AI has made these scams far more convincing in 2025. Artificial intelligence has transformed many industries, but it has also provided cybercriminals with new tools to con people. Scammers can now use AI to create convincing phishing emails, deepfake videos, and fake voices, and pose as tech support from a legitimate business using a spoofed telephone number. Here is the hard truth about recovery: scammers insist victims pay with gift cards, a wire transfer, a bank transfer, cryptocurrency, or a payment app – because it’s like using cash, and once you pay, it’s hard to get the money back. If you are ever contacted out of the blue about a tech problem, the safest response is to close any pop-up, never call numbers displayed on your screen, and contact your real bank or software provider directly using contact details you look up yourself. A legitimate technical refund can be processed without remote access to your computer or your bank account – if they ask for remote access for a refund, it is 100% a scam.

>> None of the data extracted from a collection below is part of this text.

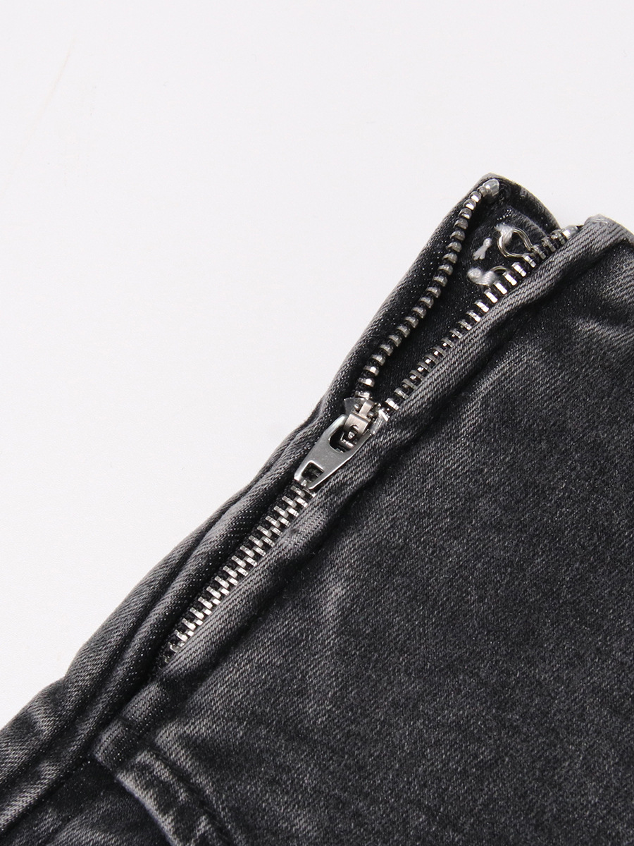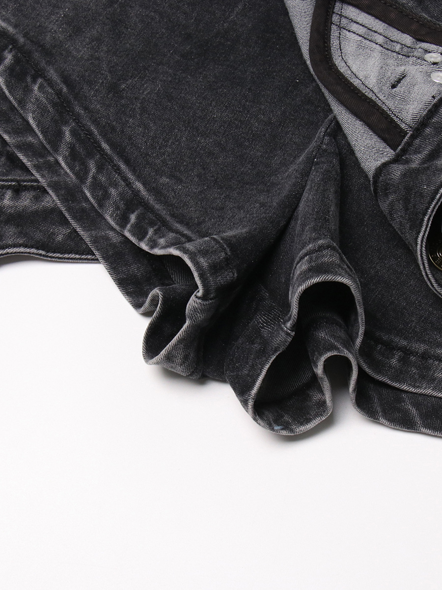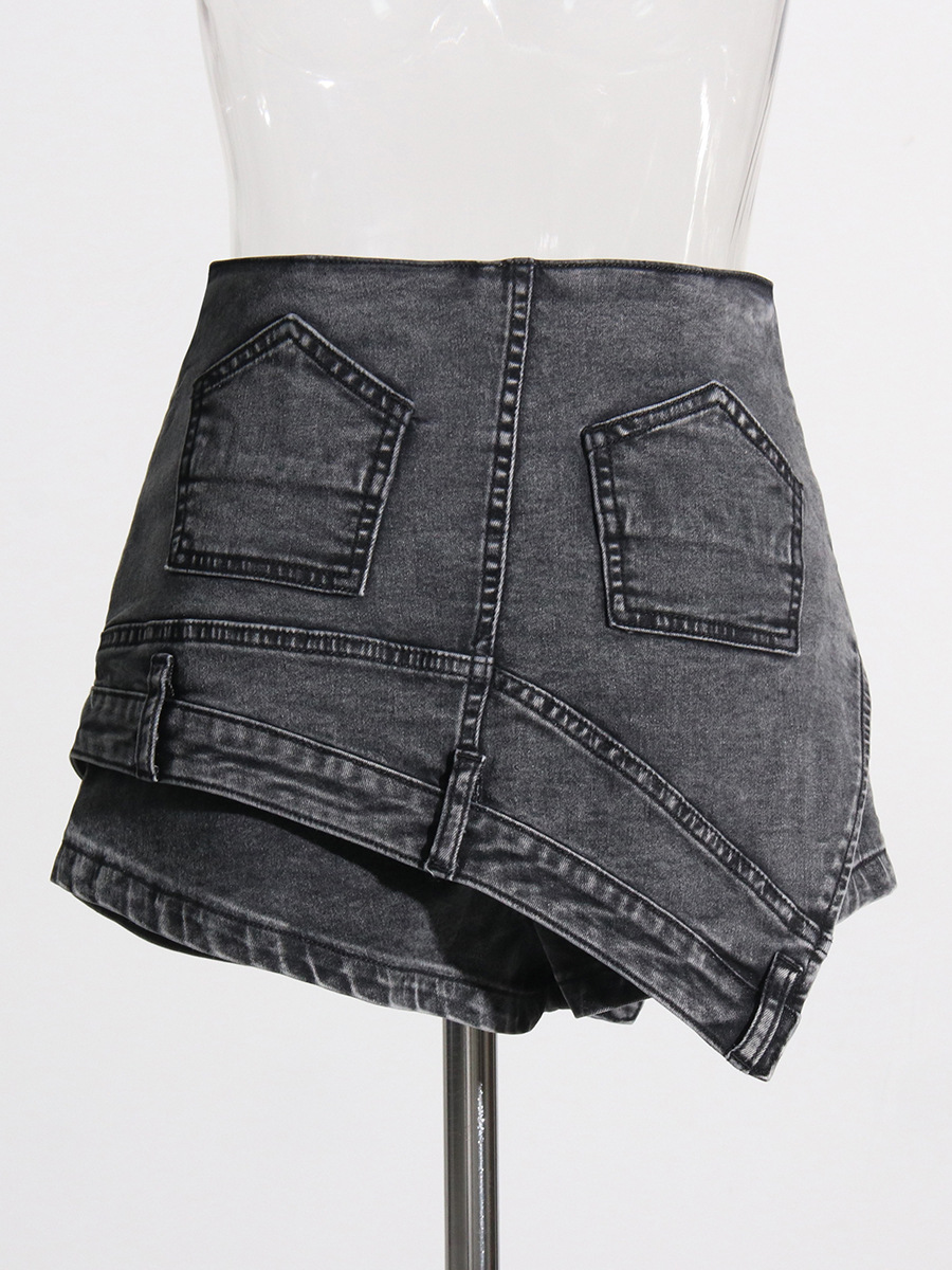 Personality Street Denim Stitching Shorts Autumn High Waist Irregular Asymmetric Washed Worn Jeans Women
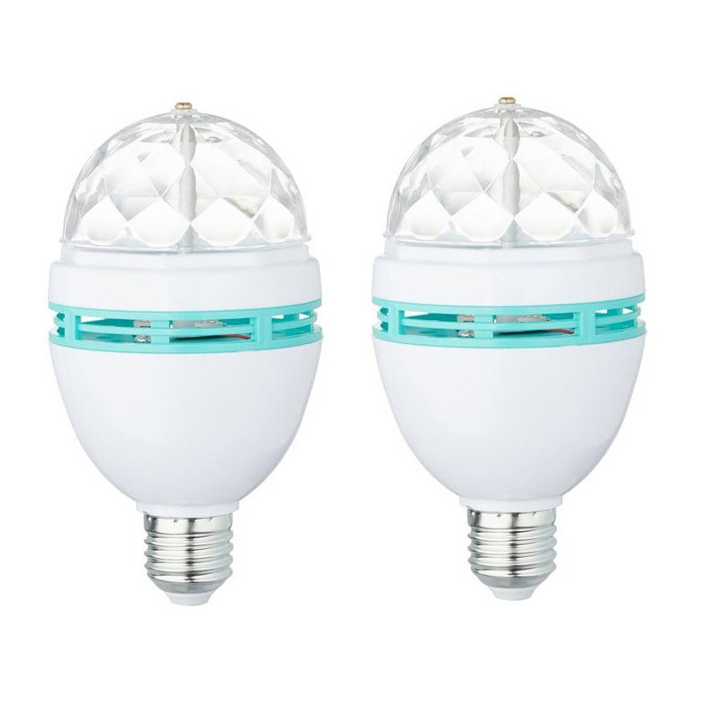 2x Stuks disco lampen/lichten E27 fitting 360 graden roterend. Deze disco party lamp heeft 30 kleuren en past op een E27 fitting. De roterende bol hoeft alleen in de fitting te worden gedraaid. De lamp roteert waardoor het een heel leuk effect heeft.
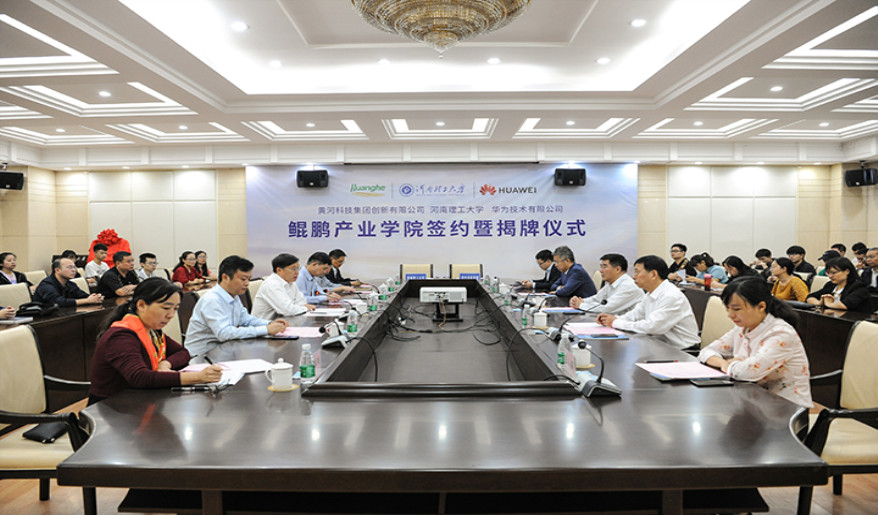 永利集团官网院长孙君顶与黄河科技集团创新有限公司董事长冯武分别代表校企双方签署鲲鹏产业学院共建协议,刁玉华、佀洪恩、杨小林、赵俊伟、沈记全等领导见签。
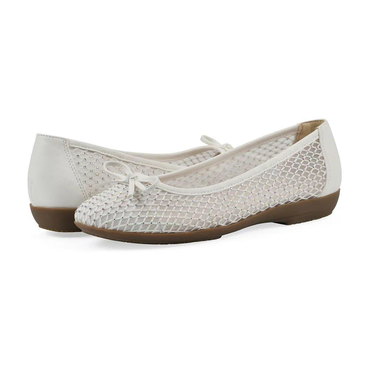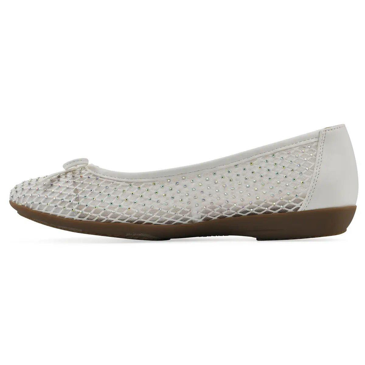 . Featuring a hint of sparkle and a delicate bow detail, this flat is designed to elevate your wardrobe without sacrificing comfort. A cushioned insole ensures all-day comfort, while the subtle embellishments add the perfect touch of flair.
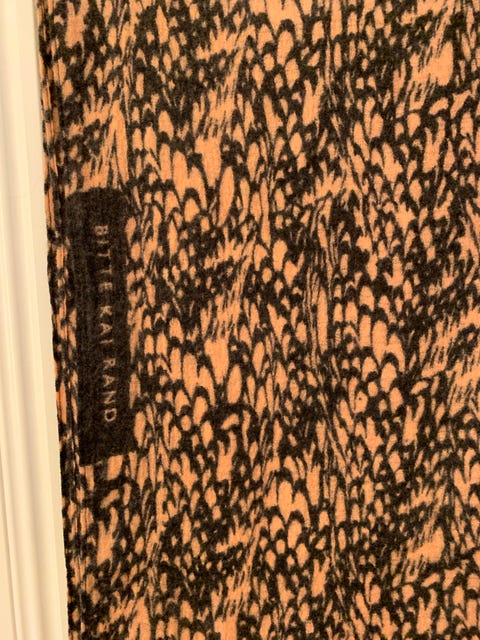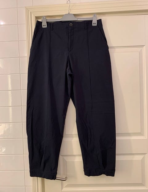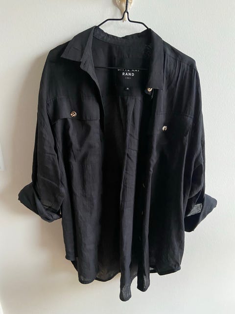 Den sorte er i str m og med to vejs lynlås , den brune er lang med knapper ,

3. The Romance and “Pig Butchering” Investment Scam

Of all three scams, this one demands the most time and patience from criminals – and inflicts some of the most devastating losses. It is typically an overseas-based fraud where scammers connect with victims online, form a relationship, then lure them into bogus cryptocurrency investments. The criminal may take weeks or months to establish trust, grooming the victim and finding commonalities, before eventually mentioning that they’ve recently made a lot of money on a certain investment platform. The approach is so methodical that it has earned its own grim name. The perpetrators of this scam refer to it as “pig butchering” fraud. Fraudsters will contact victims through wrong number texts, dating apps, or commonly used social media platforms. The new “friend” will seem attractive and wealthy, supposedly due to trading digital commodities or forex. After weeks of communications, the new friend will encourage the victim to invest as well. Initially the victim will think they’re making money, so they will invest more – and once they have nothing left to invest, the money and the friend will disappear.
The financial damage from this category of fraud has now reached historic levels. The category that took the biggest financial toll on victims 60 and older in 2024 was investment scams, with more than $1.8 billion in total reported losses. Once cryptocurrency is transferred via a blockchain, recovery is nearly impossible – unlike bank transfers, there are no chargebacks, reversals, or consumer protections available to victims. Technology is making this scam even harder to detect: in October 2024, police in Hong Kong busted a financial grooming ring where criminals reportedly used deepfake software tools to participate in live video calls. The U.S. Secret Service offers clear guidance: be wary of people you meet on dating websites or social media who offer you unsolicited financial, investment, or cryptocurrency advice, and be cautious of unsolicited investment opportunities offered via phone, message, email, social media, or in person. If someone you have only met online is steering the conversation toward investments, that is the clearest warning sign there is.